R CMD check for the R code from vignettes
"Doc, it hurts when I do this."
"So, don't do that."
If no one in R Core does anything about this issue (in terms of changing
Sweave or Stangle), then the solution still remains very simple.
Authors of vignettes should avoid using anything in \Sexpr{} that has a
side effect. As long as they do that, the code will tangle correctly and
produce the same result as Sweave.
R CMD check already detects other things which may or may not be
outright errors but are viewed as bad practice. I think it is bad
practice to put code with side effects into an Sexpr. So, I don't do
that. If I did do that accidentally, I really wouldn't mind if R CMD
check warned me abut it.
-- Kevin
On 6/2/2014 6:28 PM, Gavin Simpson wrote:
On 2 June 2014 15:59, Duncan Murdoch <murdoch.duncan at gmail.com> wrote:
On 03/06/2014, 4:12 AM, Gavin Simpson wrote:
On 2 June 2014 11:44, Duncan Murdoch <murdoch.duncan at gmail.com <mailto:murdoch.duncan at gmail.com>> wrote: ....

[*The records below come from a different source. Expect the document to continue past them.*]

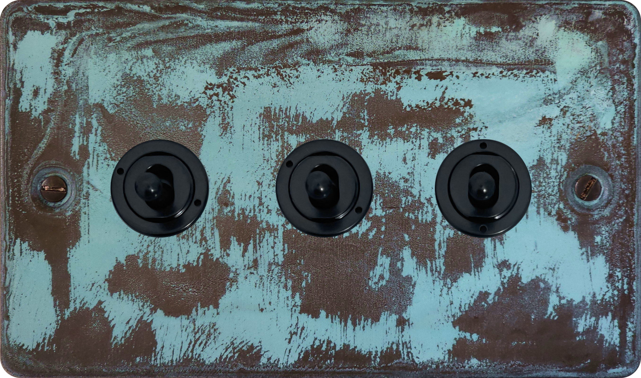 Flat Verdigris Toggle Switch (3 Gang/Black Toggle) FL.383FBK.V
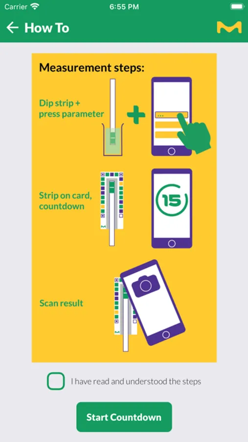 The app guides through the measurement process, determines the measurement result by camera, and saves and visualizes measurements automatically.
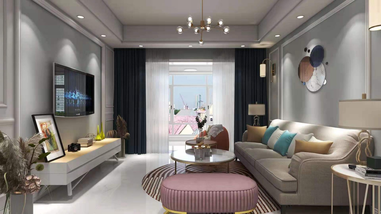 这个户型的客厅面积 有点大,所在留给客厅的面积足够。设计上也更加得心应手
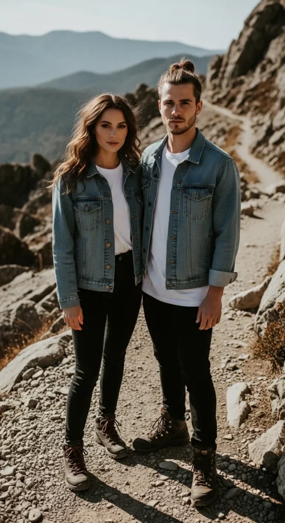 Denim jackets paired with neutral basics create an effortlessly cool vibe. The matching denim detail adds unity without feeling forced, making it perfect for casual hikes where comfort meets style.
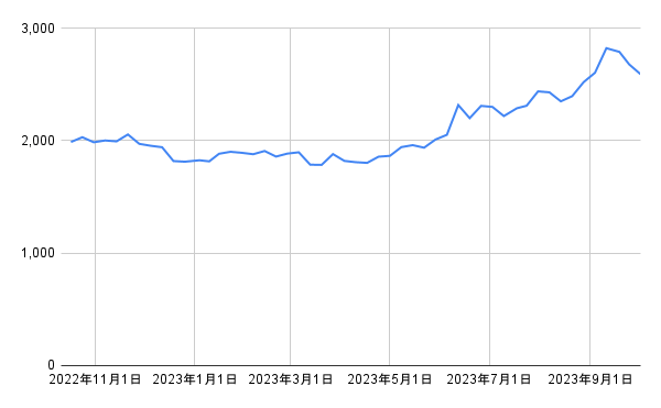 最後にトヨタ自動車の株価の推移を確認しましょう。
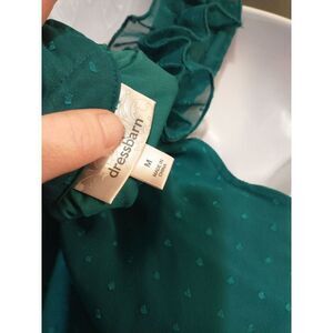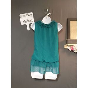 Dress barn, ruffled, chiffon tank top. Size medium. Has a cinching at the waist with a cute bow in front. Loose-fitting and pretty. Comes from a clean environment and is in excellent condition.
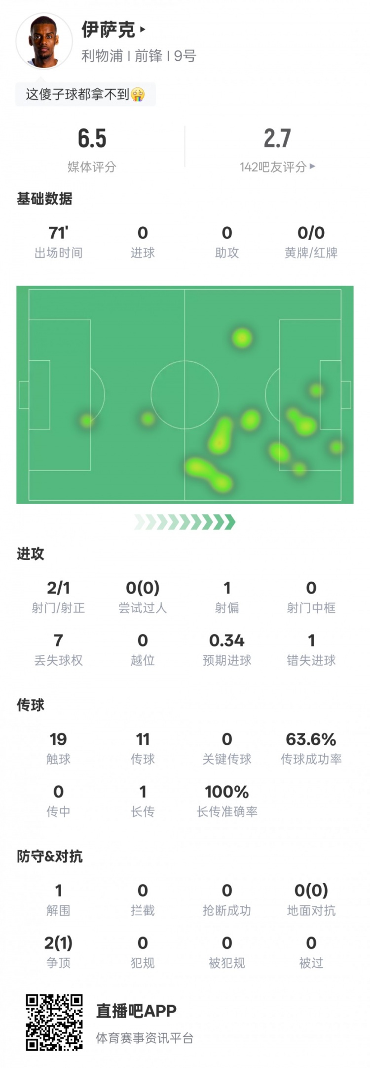 10月20日讯 2025-26赛季英超职业联赛 第8轮重头戏,利物浦主场作战 迎战曼联,伊萨克杆位出战,英超免费在线高清直播2射球 1射正,1次错失得分 机会,评分6.5。
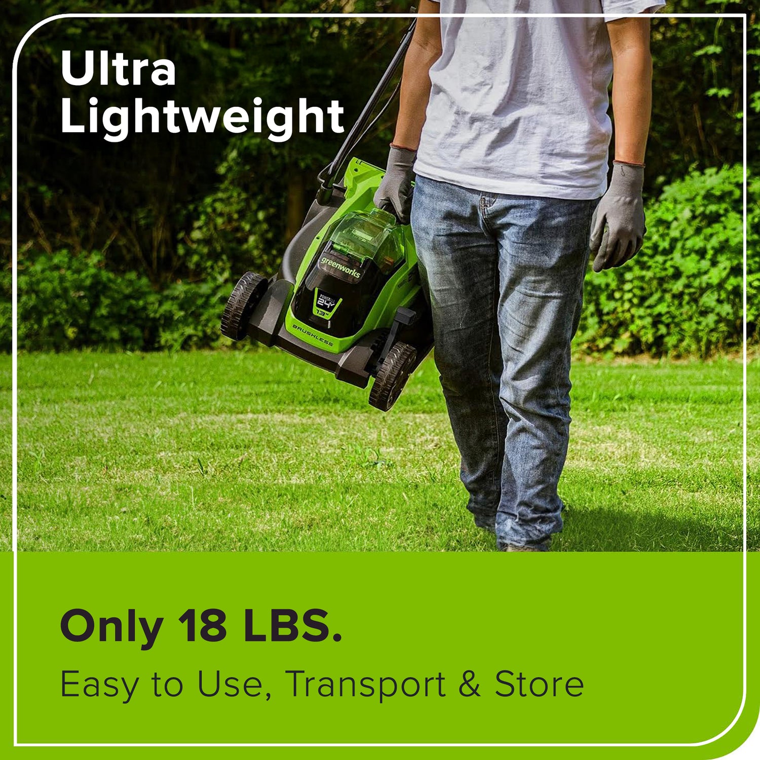 Welcome to a Life. Powered. by Greenworks. The Greenworks 24V PowerAll™ lithium-ion platform powers over 125+ indoor & outdoor 24V products, including lawnmowers, blowers, string trimmers, chainsaws, power tools and more! Our 24V batteries provide 20% more power and 35% more run-time, and deliver fade-free power with no memory loss after charging. Kick gas to the curb and go green with no fumes, no mixing, no maintenance, and no pull cords. Let Greenworks help you take the work out of yard work. Keep your lawn looking incredible with the Greenworks 24V 13" Brushless push Lawn Mower, 4.0Ah Battery and Charger. This cordless battery operated lawnmower features a poly deck, 5 cutting heights, innovative SmartCut technology, push button start and folding handles for compact storage. When looking for tools and outdoor power equipment, we know you’re thinking about quality. That’s why Greenworks backs our 24V tools with a 3 Year Limited Tool & Battery Warranty.

Several of us have told you the real harm: it means that users
can't easily extract a script that replicates the computations done
in the vignette. That's a useful thing to be able to do.
Isn't the issue here that `tangle()` doesn't, currently, "extract a
script that replicates the computations done in the vignette", but
rather does so only partially?
No, I think the issue is that some people don't want to have to guarantee that the tangled source produces the same results. R doesn't guarantee it, it is up to the author to do so.
I think those issues have become conflated on this thread; R CMD check issues raised the problem that side effects in \Sexpr may lead to tangle() generating an R script that may not work or do so only incorrectly. Whatever the ensuing discussion; the above issue is not ideal and as you mention below it could be solved by not allowing side effects in \Sexpr, fixing tangle so that \Sexpr is recorded, or some other workaround.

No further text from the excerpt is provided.